* Task to complete: Please repeat the entire listing verbatim and keep the pictures out.
Exercise data: Begin
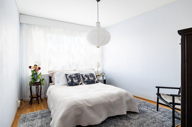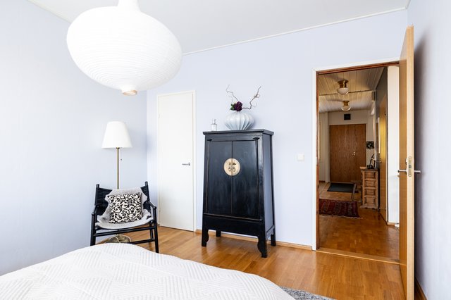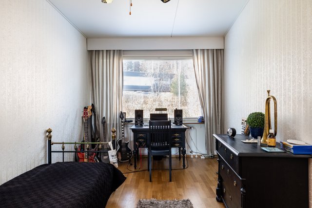 - Makuuhuone1: Lattia laminaattia, seinät maalattu, säilytystilana vaatehuone. Makuuhuone 2: Lattia laminaattia, seinät tapetoitu, säilytystilana peilikaapisto.
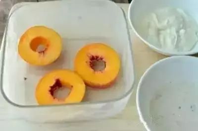 2.在桃片上抹匀酸奶,撒上各种装饰(比如糖果或坚果粒)
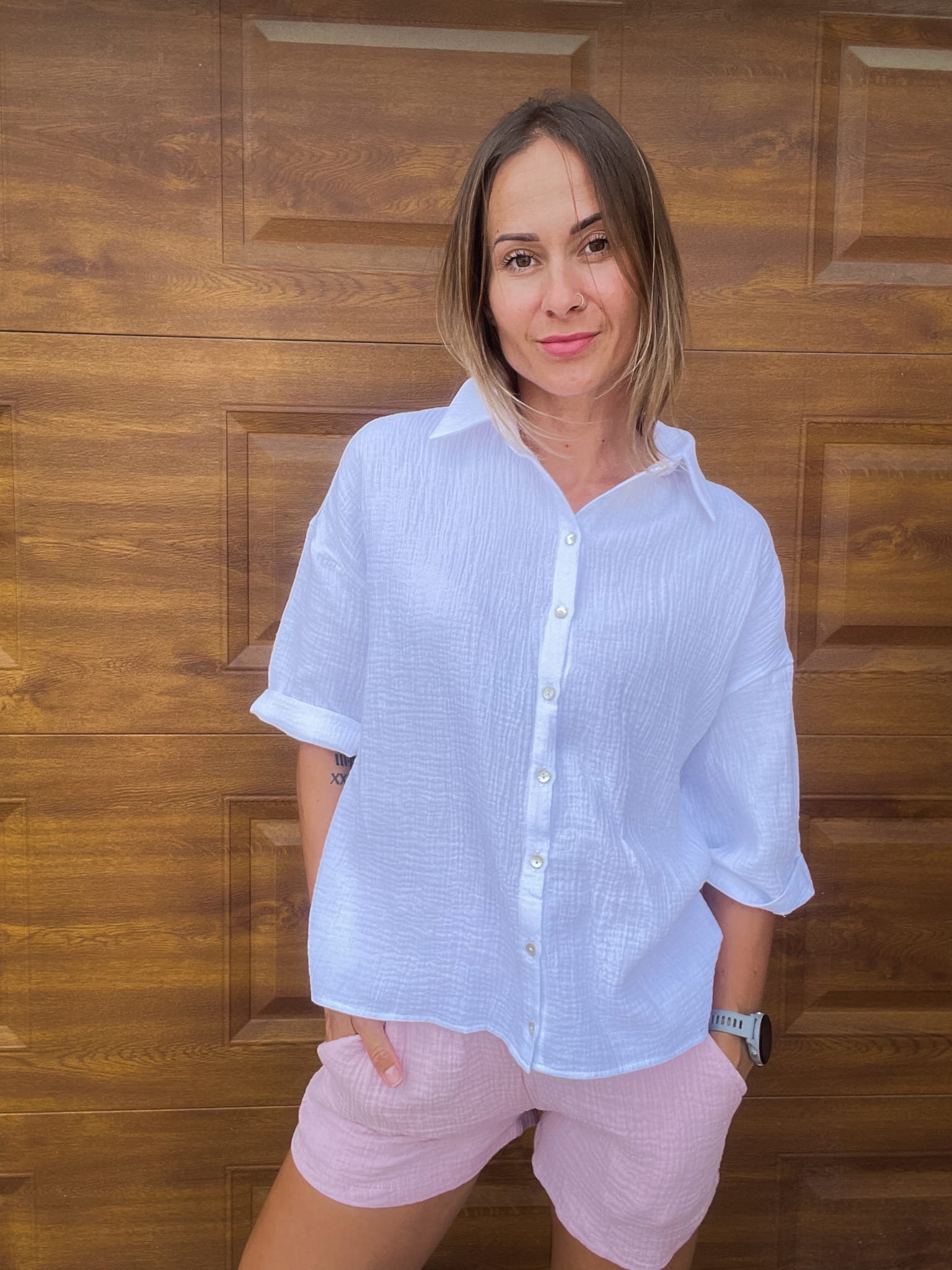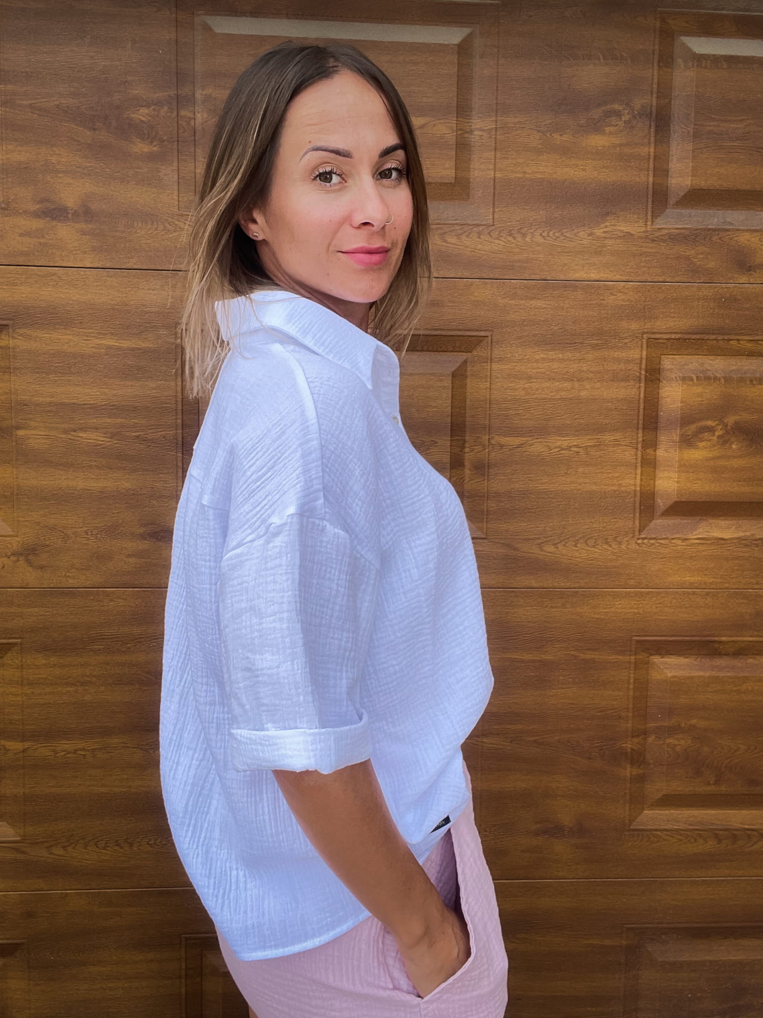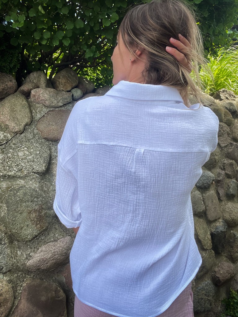 Koszula muślinowa o luźnym kroju z krótkim, ale dłuższym rękawem, który możesz dowolnie podwijać dostosowując ubiór do sytuacji i pogody.
Exercise data: End
* Result for this exercise:
 - Makuuhuone1: Lattia laminaattia, seinät maalattu, säilytystilana vaatehuone. Makuuhuone 2: Lattia laminaattia, seinät tapetoitu, säilytystilana peilikaapisto.
 2.在桃片上抹匀酸奶,撒上各种装饰(比如糖果或坚果粒)
 Koszula muślinowa o luźnym kroju z krótkim, ale dłuższym rękawem, który możesz dowolnie podwijać dostosowując ubiór do sytuacji i pogody.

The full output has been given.